The allegation of negligence has caused a hiatus in getting the file to work out the costs. It does seem to us that the differential between the costs and damages due to our client and the costs due to your client will be small and might favour our client. We suggest that a deal is agreed that either mediates those costs or resolve by negotiation."
Points of agreement
Defendant's Part 36 Costs: indemnity basis?
(1) On 5 April 2012, the defendant made an open offer of £10,000 in damages, costs, undertakings not to repeat, and apologies. The claimant's then solicitors, RJW, responded positively. After further negotiations, the claimant counter-offered in open correspondence, offering to accept damages of £20,000.(2) On 10 July 2012 the claimant made further, alternative offers. One was to accept £36,000 as a global payment for damages and costs. The other was to accept £15,000 plus costs. On 19 July 2012, the defendant made an offer of £36,000 all-in, to cover damages and costs. On 27 July 2012 RJW agreed to this in principle, subject to settling claims against the Bank. On 1 August 2012 the claimant, through RJW, indicated that the £36,000 was acceptable, but sought amendments to other aspects of the settlement package offered.
(3) On 9 October 2012 Taylor Wessing took over the conduct of the claimant's claim. On 18 October 2012, she indicated through that firm that she would accept payment of £45,000 all-in. Significantly, the letter gave the firm's assessment of the true value of the claims. Taylor Wessing said "We believe that she would recover damages in the region of £20,000 should this matter proceed to trial." No doubt the claimant was aware of this assessment. On 1 November 2012, the defendant made a Part 36 offer of £25,000 in damages. At the same time, he made an open offer of £25,000 in damages and £25,000 in costs. The offer was therefore in excess of the sum indicated on 18 October.

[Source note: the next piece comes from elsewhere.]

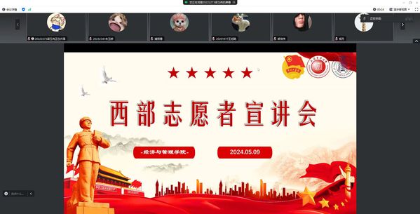 为进一步做好老员工志愿服务西部计划工作,引导广大学子将个人命运与全面建设社会主义现代化国家的奋斗目标紧密联系,在火热的基层实践中坚定理想信念、锤炼意志品格、增长本领才干。太阳成集团tyc234cc于5月9日开展了西部计划报名动员暨经验分享会,公司党委副书记孟延新、校团委干事杨月及往届优秀西部志愿者出席,会议由太阳成集团tyc234cc团委书记王祎主持。

(4) After a lengthy lull in activity resulting from a stay imposed by agreement, the defendant made two further offers and the Part 36 offer which the claimant has eventually accepted. On 26 October 2015, there was a Part 36 offer of £35,500 in damages. This offer included the proposed amendments that had been indicated in Taylor Wessing's letter of 30 September 2015. On 23 November, at the same time as the final Part 36 offer, there was an open offer of £25,000 in damages plus the claimant's costs on the indemnity basis. Again, the offer was expressed to cover the proposed amendments as well as the claims that were already pleaded.
The Set-Off Application
"(1) If a Part 36 offer is accepted, the claim will be stayed.

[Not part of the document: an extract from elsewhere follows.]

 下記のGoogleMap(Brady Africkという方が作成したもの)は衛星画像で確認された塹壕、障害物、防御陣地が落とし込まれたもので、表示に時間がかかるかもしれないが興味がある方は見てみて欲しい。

(2) In the case of acceptance of a Part 36 offer which relates to the whole claim, the stay will be upon the terms of the offer.
…
(5) Any stay arising under this rule will not affect the power of the court—
(a) to enforce the terms of a Part 36 offer; or
(b) to deal with any question of costs (including interest on costs) relating to the proceedings…."
The effect of r 36.14(5)(b) seems to be to ensure that the court has full power over the costs of the proceedings, save to the extent that costs orders are prescribed by r 36.13.